**Exercise:** Return exactly those lines of the material below that fall between the line holding "Lot 145 | Catenina" and the line holding "У період 5-15", inclusive.

**Information supplied:**
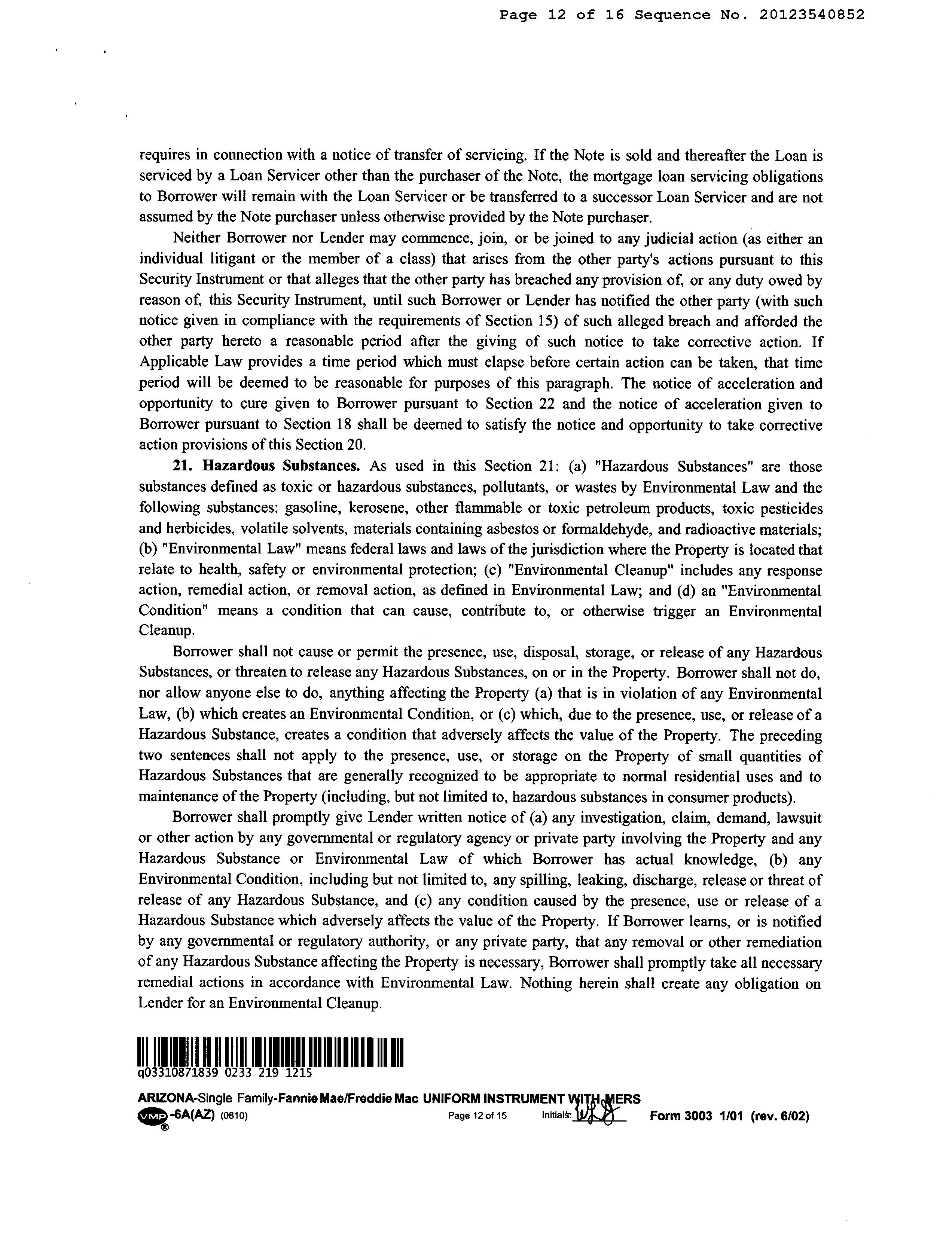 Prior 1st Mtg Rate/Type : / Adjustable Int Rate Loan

--

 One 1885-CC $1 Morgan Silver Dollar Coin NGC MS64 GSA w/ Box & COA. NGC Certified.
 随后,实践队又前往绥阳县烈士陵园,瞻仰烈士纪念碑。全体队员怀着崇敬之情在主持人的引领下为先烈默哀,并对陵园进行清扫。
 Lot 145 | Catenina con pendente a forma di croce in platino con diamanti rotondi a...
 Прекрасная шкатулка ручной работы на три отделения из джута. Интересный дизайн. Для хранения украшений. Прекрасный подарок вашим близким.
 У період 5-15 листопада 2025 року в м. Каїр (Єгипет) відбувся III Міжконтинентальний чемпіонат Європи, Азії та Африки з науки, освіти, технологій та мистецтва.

**Answer to this exercise:**
 Lot 145 | Catenina con pendente a forma di croce in platino con diamanti rotondi a...
 Прекрасная шкатулка ручной работы на три отделения из джута. Интересный дизайн. Для хранения украшений. Прекрасный подарок вашим близким.
 У період 5-15 листопада 2025 року в м. Каїр (Єгипет) відбувся III Міжконтинентальний чемпіонат Європи, Азії та Африки з науки, освіти, технологій та мистецтва.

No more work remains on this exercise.